Which markets does UBP target?
The Middle East, Latin America, Eastern Europe and Asia.
So, almost the whole world, except Western Europe?
In comparison with the markets I’ve just mentioned, the region has become less important but we are active in the region, and we’re selectively expanding our presence. For example, we have local expertise in Italy.
Since UBP took over Coutts International two years ago, you have had quite a presence in Asia. That said, your bank is still rather a small player there. How do you want to change that?
When an acquisition opportunity arises we’ll seize it. That also applies to Switzerland and London.
Many banks still have difficulty turning a profit in Asia. How is UBP doing?
Managing over CHF 10 billion in private clients’ assets, UBP is not so profitable there, but this is also due to the goodwill charges we have to write off. We need another CHF 10 billion in assets.
How are things looking in the United States? You once said that UBP had to build up a presence there in order to provide services to Latin American clients.
The United States has rather disappeared off our radar.
Why is that?
The economic situation is tough in several Latin American countries. On top of this, it seems to me that Latin American clients are longer as keen to bring their money into the United States.
What’s the reason for that? President Trump?
I don’t know. Perhaps they’ve noticed that the service in the US is not as good as they expected.
What will the wealth management business look like in ten years?
The sector will be in a solid position.
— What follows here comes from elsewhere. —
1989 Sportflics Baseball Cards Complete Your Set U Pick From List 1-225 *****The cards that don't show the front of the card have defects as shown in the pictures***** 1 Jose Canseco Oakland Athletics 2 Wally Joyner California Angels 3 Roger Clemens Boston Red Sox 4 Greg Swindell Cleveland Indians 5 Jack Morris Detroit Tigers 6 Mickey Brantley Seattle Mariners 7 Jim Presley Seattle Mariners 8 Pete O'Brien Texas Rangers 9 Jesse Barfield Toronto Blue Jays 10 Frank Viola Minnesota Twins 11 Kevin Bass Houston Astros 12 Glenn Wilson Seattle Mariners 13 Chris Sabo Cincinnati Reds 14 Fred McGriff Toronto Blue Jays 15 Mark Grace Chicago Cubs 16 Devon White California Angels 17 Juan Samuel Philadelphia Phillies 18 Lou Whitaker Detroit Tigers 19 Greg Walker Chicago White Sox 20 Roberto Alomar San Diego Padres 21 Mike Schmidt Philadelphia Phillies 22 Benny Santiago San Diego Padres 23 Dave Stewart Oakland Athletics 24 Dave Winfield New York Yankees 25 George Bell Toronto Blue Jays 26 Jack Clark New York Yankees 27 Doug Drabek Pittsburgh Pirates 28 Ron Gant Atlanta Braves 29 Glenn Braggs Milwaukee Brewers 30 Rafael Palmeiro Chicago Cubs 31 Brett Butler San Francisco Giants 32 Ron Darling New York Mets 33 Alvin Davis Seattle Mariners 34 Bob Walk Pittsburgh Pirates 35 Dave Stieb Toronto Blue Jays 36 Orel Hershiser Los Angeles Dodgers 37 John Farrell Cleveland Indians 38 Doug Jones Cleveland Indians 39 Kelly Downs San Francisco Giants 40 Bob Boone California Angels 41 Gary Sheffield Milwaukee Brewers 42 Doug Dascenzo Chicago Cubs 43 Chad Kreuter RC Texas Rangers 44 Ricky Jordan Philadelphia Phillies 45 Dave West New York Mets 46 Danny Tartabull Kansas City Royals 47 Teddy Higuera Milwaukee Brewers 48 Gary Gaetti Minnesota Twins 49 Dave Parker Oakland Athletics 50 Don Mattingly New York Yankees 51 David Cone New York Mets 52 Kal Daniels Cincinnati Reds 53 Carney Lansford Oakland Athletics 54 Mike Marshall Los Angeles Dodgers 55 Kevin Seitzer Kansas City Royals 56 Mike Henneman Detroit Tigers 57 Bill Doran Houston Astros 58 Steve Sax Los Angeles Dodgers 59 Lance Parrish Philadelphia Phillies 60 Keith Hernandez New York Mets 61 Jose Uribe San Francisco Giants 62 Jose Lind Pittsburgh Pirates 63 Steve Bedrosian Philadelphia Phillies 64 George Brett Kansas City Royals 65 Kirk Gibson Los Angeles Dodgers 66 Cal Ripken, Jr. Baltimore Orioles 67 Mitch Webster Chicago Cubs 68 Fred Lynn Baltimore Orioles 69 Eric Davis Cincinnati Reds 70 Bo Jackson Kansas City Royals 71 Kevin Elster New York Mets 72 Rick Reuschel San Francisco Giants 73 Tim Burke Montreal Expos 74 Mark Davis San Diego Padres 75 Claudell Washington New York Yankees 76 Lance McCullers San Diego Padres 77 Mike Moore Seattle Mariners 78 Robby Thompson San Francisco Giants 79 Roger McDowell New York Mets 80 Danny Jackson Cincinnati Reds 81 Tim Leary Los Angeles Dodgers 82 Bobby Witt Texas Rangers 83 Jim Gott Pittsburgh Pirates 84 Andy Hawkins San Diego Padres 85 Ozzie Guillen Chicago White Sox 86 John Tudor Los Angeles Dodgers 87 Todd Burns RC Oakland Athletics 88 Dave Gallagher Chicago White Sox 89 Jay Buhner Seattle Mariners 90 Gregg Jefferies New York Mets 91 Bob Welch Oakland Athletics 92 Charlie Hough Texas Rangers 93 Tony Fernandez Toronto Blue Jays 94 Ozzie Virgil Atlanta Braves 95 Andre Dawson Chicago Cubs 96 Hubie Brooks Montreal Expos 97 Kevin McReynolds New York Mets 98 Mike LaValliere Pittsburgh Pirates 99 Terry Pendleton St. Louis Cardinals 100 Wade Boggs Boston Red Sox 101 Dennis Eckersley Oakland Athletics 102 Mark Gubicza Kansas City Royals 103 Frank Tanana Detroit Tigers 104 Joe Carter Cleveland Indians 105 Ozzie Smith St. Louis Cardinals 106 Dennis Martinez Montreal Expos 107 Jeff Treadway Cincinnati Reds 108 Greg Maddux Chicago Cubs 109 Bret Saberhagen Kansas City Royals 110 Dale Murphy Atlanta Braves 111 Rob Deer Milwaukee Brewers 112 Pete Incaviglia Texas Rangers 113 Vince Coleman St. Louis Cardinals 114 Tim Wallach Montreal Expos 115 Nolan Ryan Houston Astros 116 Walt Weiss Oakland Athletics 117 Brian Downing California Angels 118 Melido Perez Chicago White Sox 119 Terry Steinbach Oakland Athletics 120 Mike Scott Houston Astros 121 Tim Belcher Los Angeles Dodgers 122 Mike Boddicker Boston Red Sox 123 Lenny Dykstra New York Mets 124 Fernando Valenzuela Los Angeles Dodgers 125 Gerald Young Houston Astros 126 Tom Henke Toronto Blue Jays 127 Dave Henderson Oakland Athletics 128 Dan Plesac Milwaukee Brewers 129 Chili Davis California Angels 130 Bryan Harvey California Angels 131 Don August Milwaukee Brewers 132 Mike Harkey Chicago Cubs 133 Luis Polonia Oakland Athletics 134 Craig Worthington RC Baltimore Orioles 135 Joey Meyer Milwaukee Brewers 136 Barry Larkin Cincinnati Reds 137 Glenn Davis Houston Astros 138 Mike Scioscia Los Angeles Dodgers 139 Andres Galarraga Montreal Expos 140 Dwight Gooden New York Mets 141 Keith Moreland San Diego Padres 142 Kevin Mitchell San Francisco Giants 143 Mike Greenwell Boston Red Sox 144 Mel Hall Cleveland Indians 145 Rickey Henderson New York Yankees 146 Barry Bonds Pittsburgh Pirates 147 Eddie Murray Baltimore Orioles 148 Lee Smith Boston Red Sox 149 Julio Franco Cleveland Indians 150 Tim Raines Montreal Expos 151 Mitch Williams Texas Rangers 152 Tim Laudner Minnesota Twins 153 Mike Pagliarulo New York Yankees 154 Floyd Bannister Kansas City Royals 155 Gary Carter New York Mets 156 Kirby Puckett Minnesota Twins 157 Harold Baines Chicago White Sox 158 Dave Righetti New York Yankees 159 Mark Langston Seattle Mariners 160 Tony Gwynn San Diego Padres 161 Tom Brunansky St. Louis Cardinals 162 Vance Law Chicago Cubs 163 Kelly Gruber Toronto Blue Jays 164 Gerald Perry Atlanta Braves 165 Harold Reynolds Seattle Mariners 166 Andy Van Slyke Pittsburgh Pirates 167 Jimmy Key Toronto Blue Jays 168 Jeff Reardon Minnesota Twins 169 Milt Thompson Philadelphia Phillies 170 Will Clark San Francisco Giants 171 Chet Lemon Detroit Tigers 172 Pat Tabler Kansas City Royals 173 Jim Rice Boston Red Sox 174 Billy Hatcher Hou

After all, what is there to mix the industry up, or “disrupt” it, as you say these days?
“Everything will be faster and will cost less.”
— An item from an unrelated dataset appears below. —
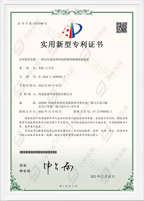 滄凈環保,是一家集科研、設計,工程施工、調試于一體的智能粉體投加系統-國家級高新技術企業【編號:GR202341000885】,旗下產品涵蓋水處理、危廢固廢處置,脫硫脫硝處理等領域,且通過ISO 9001:2015質量管理體系認證。
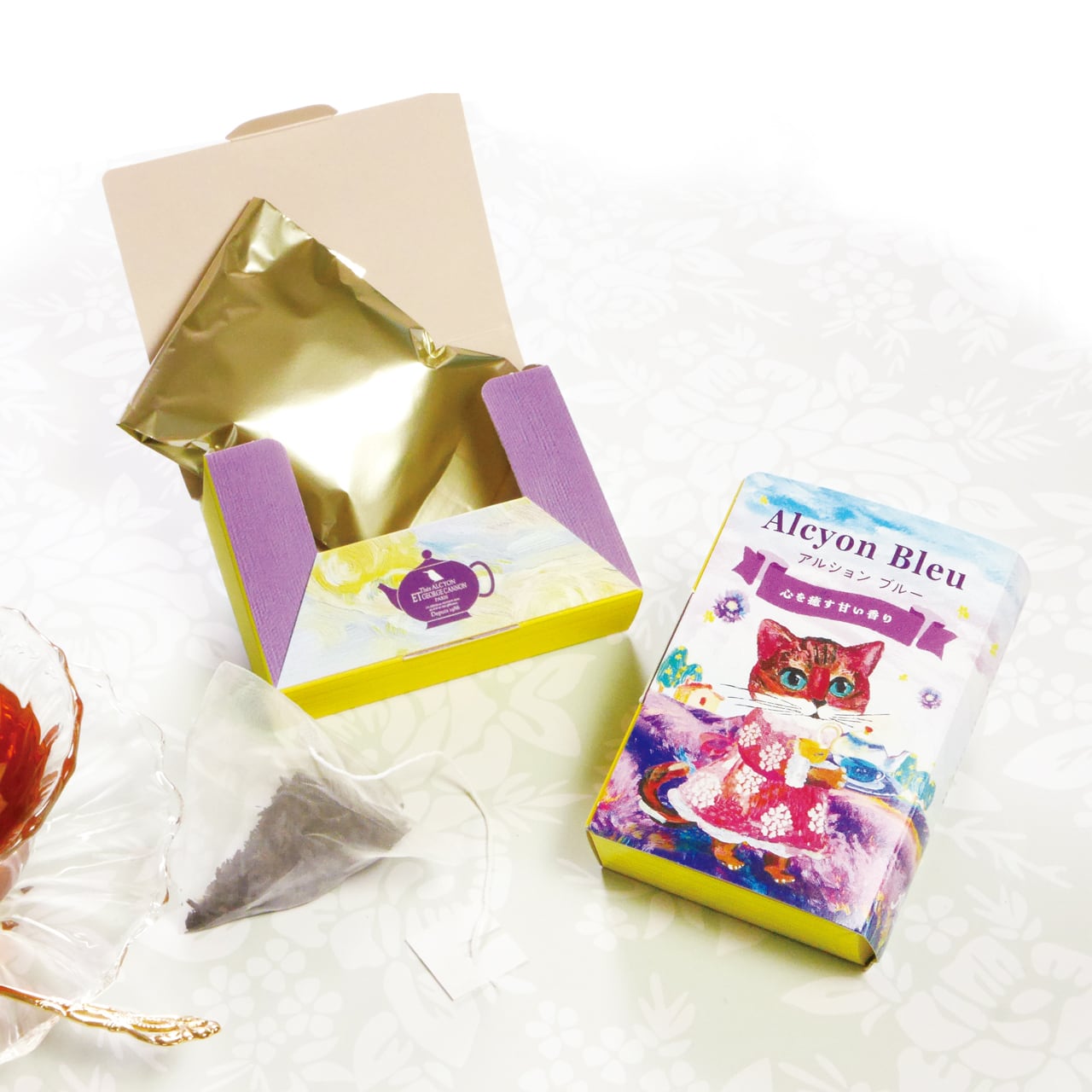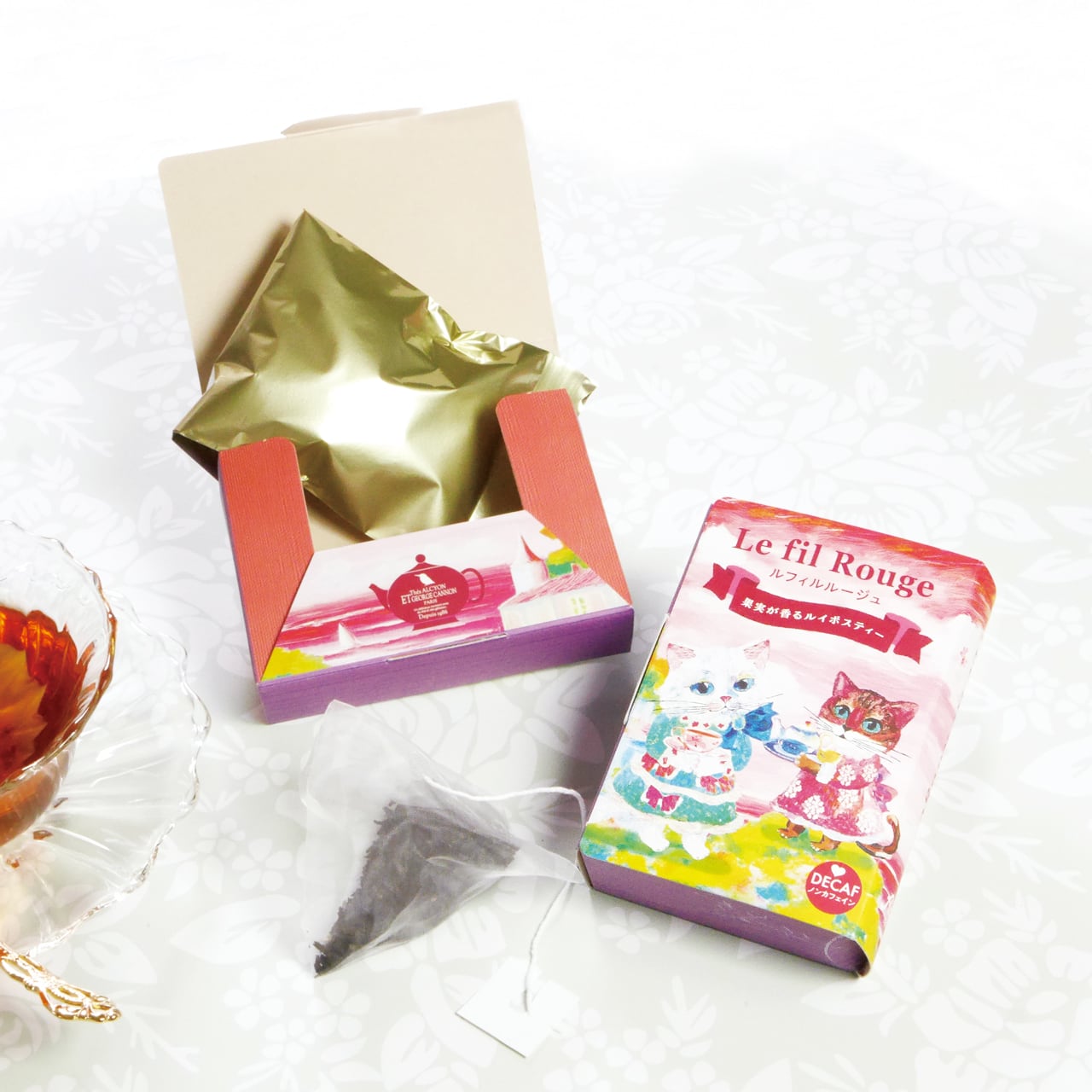 猫がくれた紅茶時間、人気No.1紅茶のアルションブルーとノンカフェインのルイボスティーのルフィルルージュ。

Fintech entrepreneurs believe that they could turn the industry on its head.
I don’t think it’ll go that far. Rather, technology will help us to communicate even more closely with clients. And, thanks to big data, we can offer our clients products and services exactly tailored to their needs. On top of this, blockchain technology will make it possible to reduce the number of intermediaries and to build direct B2B relationships. This means that it will be possible to sidestep certain dominant providers such as SWIFT and Euroclear. Everything will be faster and will cost less. It’s possible that our revenue will be slightly lower in the future, but in that case we’ll just have to adjust our cost structure accordingly.
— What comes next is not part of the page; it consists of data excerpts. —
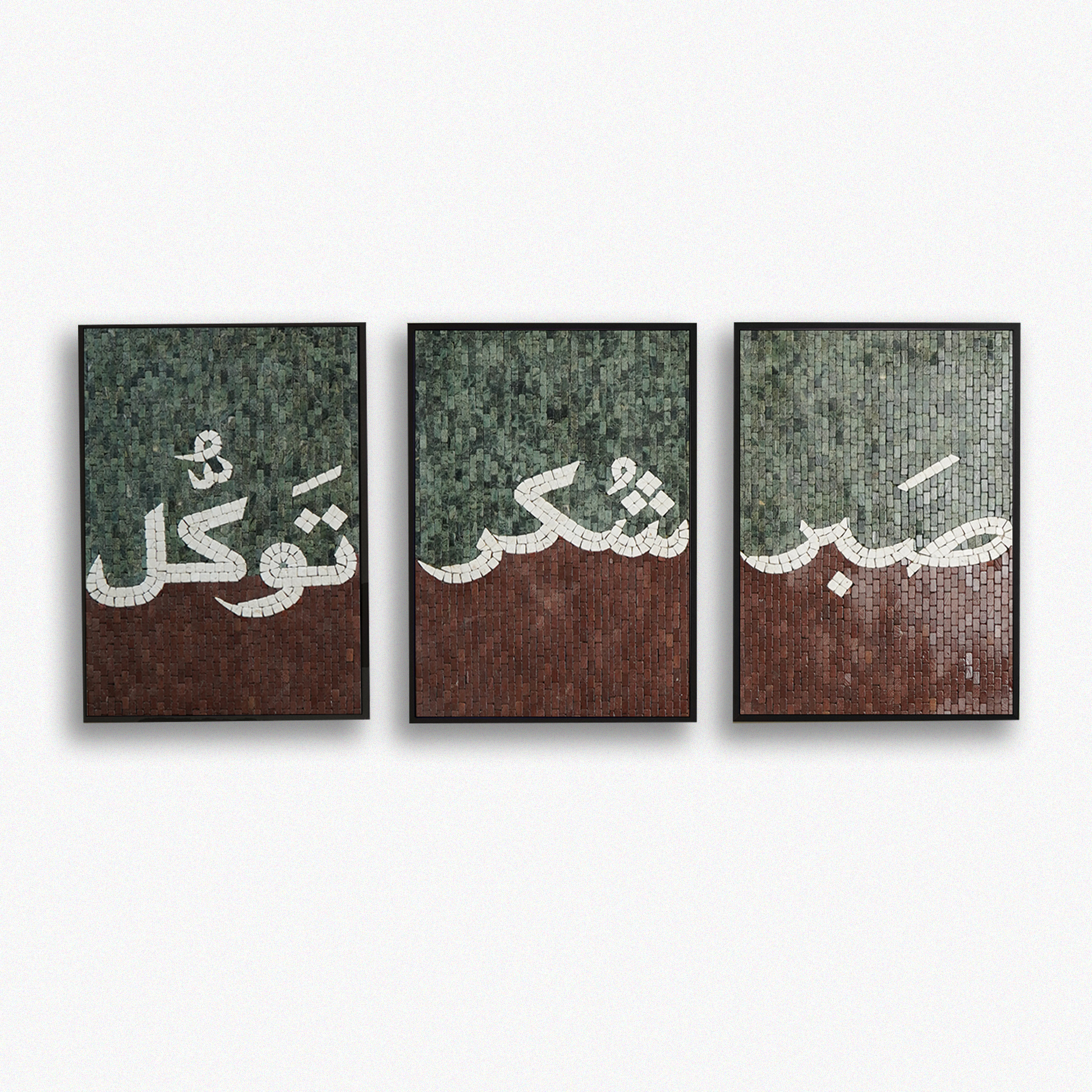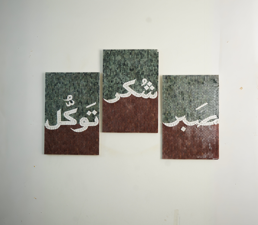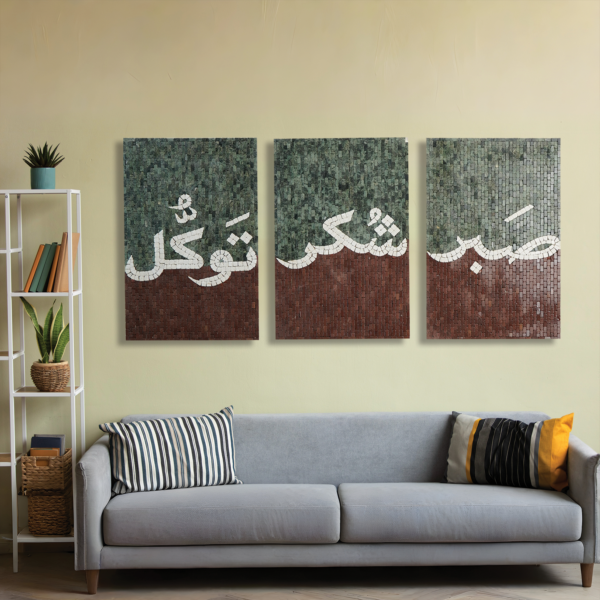 Elevate your space with the Sabar Shukar Tawakal Calligraphy Art—a handcrafted mosaic that blends spiritual depth with artistic elegance. Featuring detailed stone and marble calligraphy, this unique piece symbolizes patience, gratitude, and trust. Its neutral tones suit any décor, while the ready-to-hang design ensures easy installation. A perfect gift or addition to your home, office, or prayer space, bringing timeless beauty and daily inspiration.
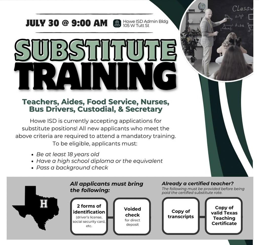 Wewillhostoursubstitutetrainingon Wednesday,July30attheHoweISD trainingroomlocatedat105W.Tutt.
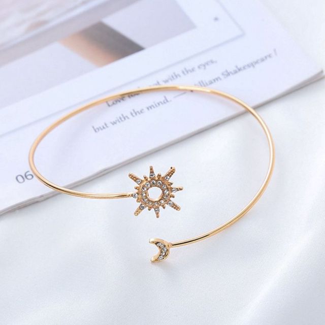 Braçadeira de metal com diamantes e sol e lua, atacado, joias da Amazon, ajustável, temperamento simples, para mulheres
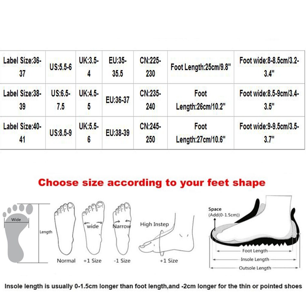 Теплое напоминание:Различные стили обуви, пожалуйста, выберите размер в соответствии с типом вашей стопы.
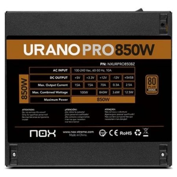 FUENTE ALIMENTACION 850W NOX URANO PRO PFC-ACTIVO (Espera 4 dias)

UBP could be affected by a company-specific disruption. The bank belongs to your family. What would happen if you couldn’t find a successor?
We’re a big family. My brother and my sister are already part of the business, and we all have children. We’ll see whether they’re interested in the banking business. We’ve got options.
Would an IPO be an option?
Anything but that. We don’t need any capital for our growth. Furthermore, wealth management is a long-term oriented business that isn’t necessarily compatible with short-term market pressures.
What would happen if no member of the family wanted to head up the bank?
If that were to happen, we would then really have to consider our options. I cannot imagine that our family would only sit on the board of directors with the CEO coming from outside. My father founded the bank in 1969 and it would be wonderful if it stayed in family hands for generations to come.
“We definitely have to work harder.”
About Guy de Picciotto
Guy de Picciotto, 57, is the Head of the Geneva wealth management bank Union Bancaire Privée (UBP), which was founded in 1969 by his father, Edgar de Picciotto. After his business administration studies at Webster University, de Picciotto worked as a business consultant in Geneva and Brussels. In 1988 he joined UBP, which at the time was still Compagnie de Banque et d’Investissements. He has been CEO since 1998. As at the end of last June, the bank was managing CHF 119 billion worth of institutional and private clients’ assets, making it one of the ten biggest wealth managers in Switzerland. UBP employs nearly 1700 staff in over twenty locations around the world. The bank is owned by the de Picciotto family.